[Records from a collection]
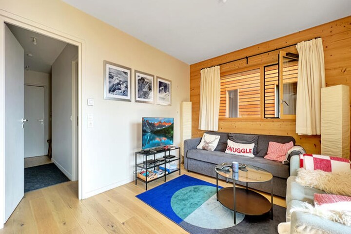 High above the shimmering valley, where alpine serenity meets modern luxury, this exquisite apartment in Le Grand Cerf residence offers an unparalleled mountain retreat. With direct access to the Timalets ski slope and gondola lift, your adventure begins just outside the door. Wake up to breathtaking views from the expansive balcony, where the crisp mountain air and stunning vistas set the tone for an unforgettable day in the French Alps. This is a place where comfort and elegance blend seamlessly with the thrill of outdoor exploration. \n\nInside, the 75 m² apartment is tastefully designed to accommodate up to six guests. The master bedroom features a plush 160cm bed and a private en-suite bathroom, ensuring a tranquil retreat after a day on the slopes. A second bedroom with two 90cm beds and a cozy cabin with bunk beds share a modern shower room and separate WC. The spacious living and dining area, bathed in natural light, invites you to relax and unwind, while the fully equipped kitchen—with induction hob, dishwasher, washer-dryer, and large refrigerator—makes meal preparation effortless. Two ski lockers and underground parking spaces add to the convenience of this high-end rental. \n\nThe location is unbeatable. Whether you’re here for winter skiing or summer hiking, the gondola lift provides easy access to the surrounding wonders. Nearby, you’ll find charming alpine villages, local markets, and trails that wind through breathtaking landscapes. For those seeking relaxation, the residence itself offers a peaceful haven with all the comforts of home. \n\nChoose this exceptional property for a holiday that combines the best of alpine adventure and refined living. With beds made upon arrival and bath towels provided, every detail has been thoughtfully prepared to ensure your stay is as effortless as it is memorable.
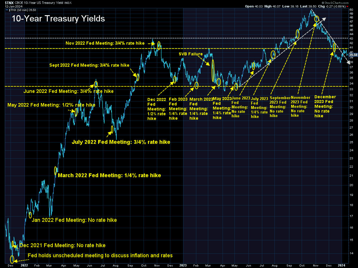Turning to bonds, the 10-year Treasury yield had a volatile week, crossing back above 4% earlier in the week before settling just below that benchmark. Remember, the market is pricing in roughly 6 interest rate cuts in 2024 while the Fed is predicting just 3. While that disconnect is sorted out we could see continued volatility in the rates market.
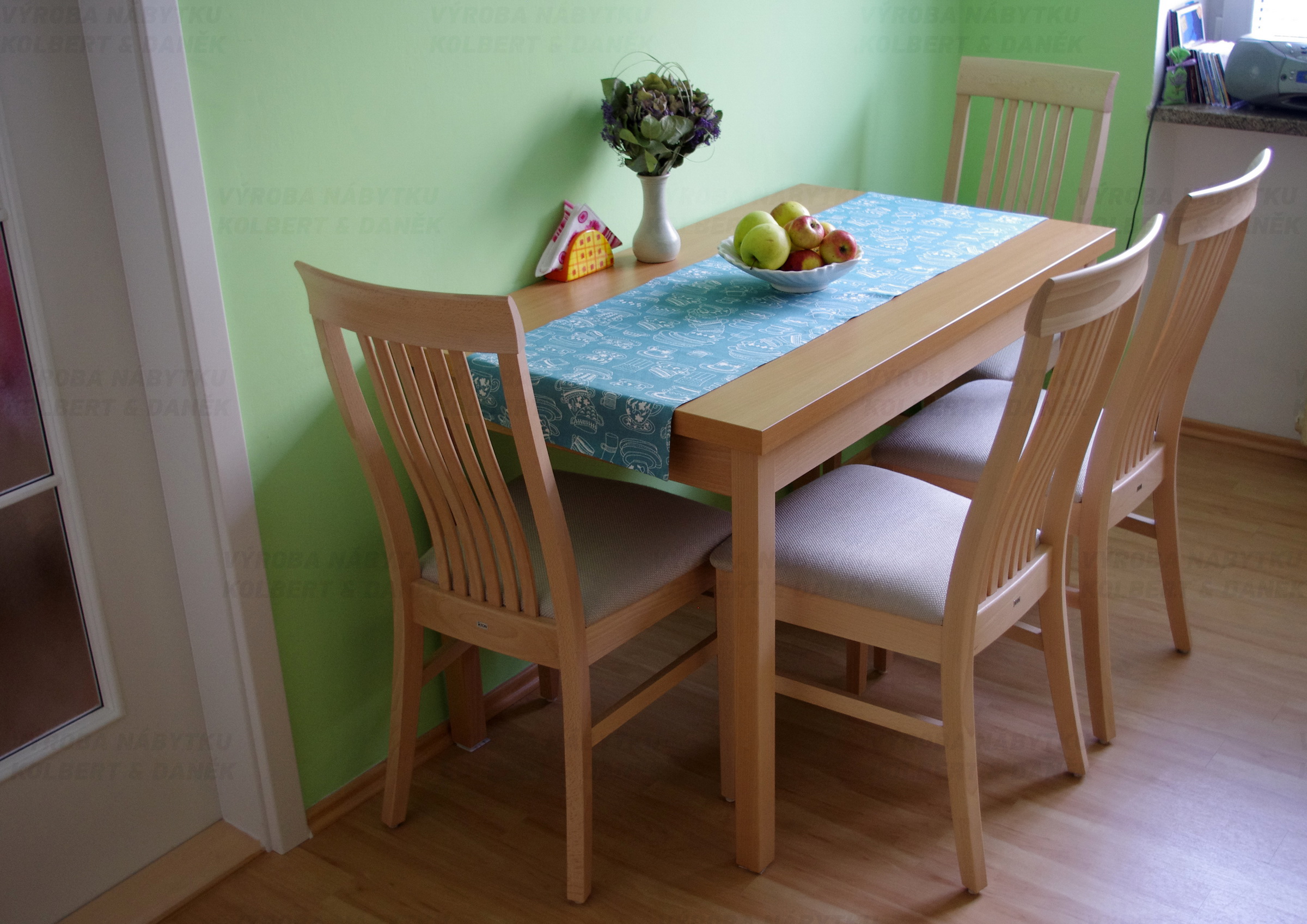 Jídelní stůl atypického rozměru s bukovou podnoží a deskou z lamina.
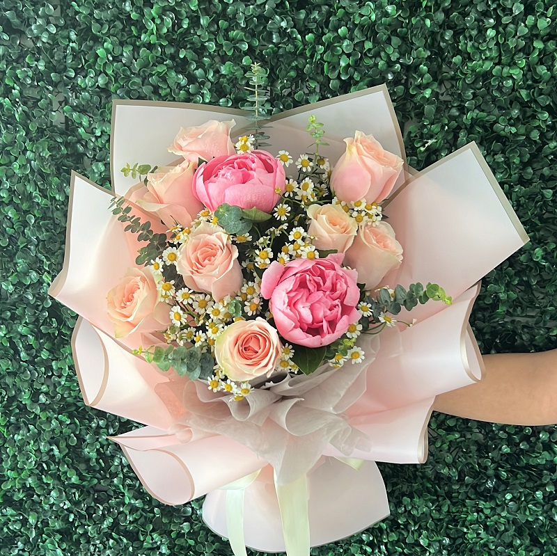 HP1002 Peonies & Roses Hand Bouquet
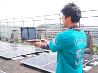 屋上からの風景を見せて、マンションと梨畑が多いと説明。
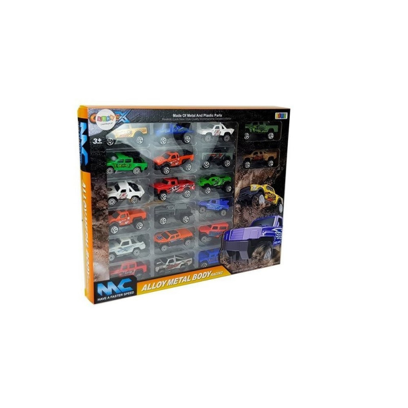 Paljud maastikuautod ja jeepid täiendavad iga autohuvilise kollektsiooni. Saad luua ekstreemseid takistusradu autodele. Iga detail on valmistatud väga hoolikalt ja täpselt. Komplektis on 20 autot, igaüks omanäoline, erinevat värvi ja välimusega.

● **Instructions for the task**: Only the lines from the one with "Jídelní stůl atypického" through the final line of the entries belong in the answer, set down exactly, with both ends included and no pictures.

● **Exercise answer**:
 Jídelní stůl atypického rozměru s bukovou podnoží a deskou z lamina.
 HP1002 Peonies & Roses Hand Bouquet
 屋上からの風景を見せて、マンションと梨畑が多いと説明。
 Paljud maastikuautod ja jeepid täiendavad iga autohuvilise kollektsiooni. Saad luua ekstreemseid takistusradu autodele. Iga detail on valmistatud väga hoolikalt ja täpselt. Komplektis on 20 autot, igaüks omanäoline, erinevat värvi ja välimusega.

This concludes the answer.